Nowhere. I played around with the links and found that link1 will
do the trick: it works. Not very fast, but it works. The hard
disk on this machine seems to be the slowest I've every come
across. ftp'ing a 67 MB file gave me a throughput of about 220
kB/s when copying to disk, about 750 kB/s when copying to
/dev/null. By comparison, the same file ftp'd to (IDE) disk on
freebie at 860 kB/s, and to /dev/null at 940 kB/s. The error rate
might explain some of this: on freebie, netstat -in shows:
Name Mtu Network Address Ipkts Ierrs Opkts Oerrs Coll
ep0 1500 <Link> 00.a0.24.37.0d.2b 3042959 1 3470819 1 0
ep0 1500 192.109.197 192.109.197.137 3042959 1 3470819 1 0
By contrast, on papillon (the notebook), I have:
zp0 1500 <Link> 00.60.97.40.fb.e1 221769 198 52256 3 0
zp0 1500 192.109.197 192.109.197.159 221769 198 52256 3 0
The morals of the story
-----------------------
1. We obviously need to look at the pccard stuff a lot more
carefully. The documentation needs to mention this. In fact, we
need documentation. I'll see what I can put together.

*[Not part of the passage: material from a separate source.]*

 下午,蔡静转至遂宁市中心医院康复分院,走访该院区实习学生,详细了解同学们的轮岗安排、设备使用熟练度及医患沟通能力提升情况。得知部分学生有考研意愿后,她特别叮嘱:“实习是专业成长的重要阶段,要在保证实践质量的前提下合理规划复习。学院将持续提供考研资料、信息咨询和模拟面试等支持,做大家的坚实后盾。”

2. We probably need to document the vagaries of "diagnostic" programs
such as the junk that 3Com supplies. You'd think 3Com would be
interested, too. After all, I can't be the only person to return
hardware because the accompanying software says it's defective.

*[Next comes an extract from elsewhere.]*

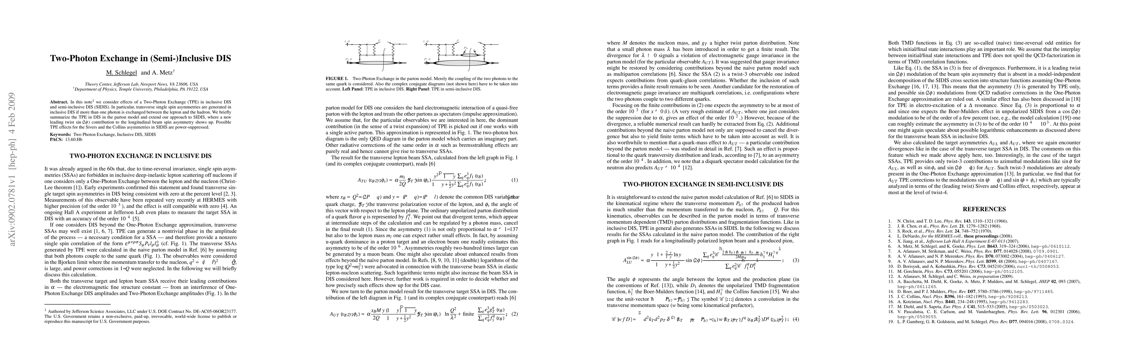 In this note we consider effects of a Two-Photon Exchange (TPE) in inclusive DIS and semi-inclusive DIS (SIDIS). In particular, transverse single spin asymmetries are generated in inclusive DIS if more than one photon is exchanged between the lepton and the hadron. We briefly summarize the TPE in DIS in the parton model and extend our approach to SIDIS, where a new leading twist $\sin(2\phi)$ contribution to the longitudinal beam spin asymmetry shows up. Possible TPE effects for the Sivers and the Collins asymmetries in SIDIS are power-suppressed.

3. PCMCIA is obviously a good subject for the internals book we're
talking about writing.
4. It would be nice to have a general diagnostic utility for snooping
around in the PC hardware to see what's there and what isn't.
I'll think about writing one. If anybody has any ideas, I'd be
interested to hear of them.
5. The probe routines are probably not all they should be. I'd guess
that the 2.1-SNAP kernel got the board into a state where no
kernel could successfully probe it, and I had to power down to get
any improvement. This is partially documented in the kernel
config files, but it might be an idea to make it more prominent.
6. We need man pages for all the Ethernet drivers, even if they're
substantially clones. It would also be nice to have an overview
of what the ifconfig flags mean for the various drivers.